Finally, we find a value for $m_2$ :

$m_3=m_2+2m_1=\left(0.053077\pm 0.005014\right)\text{eV}/c^2$ (52)

Thus, we obtained solutions for neutrino mass eigenstates as a function of the measured parameters: $\Delta m_{21}^2,\Delta m_{32}^2,\Delta m_{31}^2$ in case, the neutrinos would be the Dirac particles.

The cumulative value of the neutrino mass in this case is

${\displaystyle \sum m_i}=m_3+m_2+m_1=\left(0.08916\pm 0.00853\right)\text{eV}/c^2$ (53)

2.4. The Forth Example. Group A₄, Seesaw Type Weinberg, Matrix M_ν

This example is treated in [8] as a rule for the sum of neutrino masses

$2{\tilde{m}}_2+{\tilde{m}}_3={\tilde{m}}_1;{\tilde{m}}_j=m_j\exp \left(i{\varphi }_j\right),j=1,2,3.$ (54)

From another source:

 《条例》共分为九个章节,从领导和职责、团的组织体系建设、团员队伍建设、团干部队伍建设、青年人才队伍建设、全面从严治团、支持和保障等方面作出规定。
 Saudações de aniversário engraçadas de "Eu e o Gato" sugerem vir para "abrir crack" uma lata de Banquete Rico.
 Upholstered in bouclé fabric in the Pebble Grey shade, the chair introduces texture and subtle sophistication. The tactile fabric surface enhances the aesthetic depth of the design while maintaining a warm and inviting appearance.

A comparison of the general formulas (5) and (54) shows that:

$p=+1,\Delta {\chi }_{21}=\pi ,\Delta {\chi }_{31}=\pi ,A_1=1,A_2=2,A_3=1.$ (55)

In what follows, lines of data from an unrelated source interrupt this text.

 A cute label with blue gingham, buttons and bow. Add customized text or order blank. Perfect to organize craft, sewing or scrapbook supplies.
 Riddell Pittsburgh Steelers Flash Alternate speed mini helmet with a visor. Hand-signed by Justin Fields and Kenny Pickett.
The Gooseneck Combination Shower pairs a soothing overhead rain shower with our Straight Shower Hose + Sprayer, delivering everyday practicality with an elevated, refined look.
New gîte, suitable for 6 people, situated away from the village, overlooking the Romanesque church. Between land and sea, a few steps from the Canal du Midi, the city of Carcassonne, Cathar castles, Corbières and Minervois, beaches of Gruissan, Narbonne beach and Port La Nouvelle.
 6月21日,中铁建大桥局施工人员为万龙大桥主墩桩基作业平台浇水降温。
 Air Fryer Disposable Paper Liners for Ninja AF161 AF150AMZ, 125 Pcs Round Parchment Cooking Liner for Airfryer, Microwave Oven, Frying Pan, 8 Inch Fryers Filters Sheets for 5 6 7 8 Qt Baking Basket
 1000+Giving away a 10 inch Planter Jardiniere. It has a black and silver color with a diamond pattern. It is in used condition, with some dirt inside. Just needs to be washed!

In contrast to relation (24), relation (54) belongs exclusively to the normal mass hierarchy: $m_1<m_2<m_3$. With this note, and bearing in mind that solutions for neutrino masses must be realistic, the mass sum rule for the anti-Dirac neutrino should take the form of

$m_3=2m_2+m_1$ (56)

This will be confirmed in further consideration.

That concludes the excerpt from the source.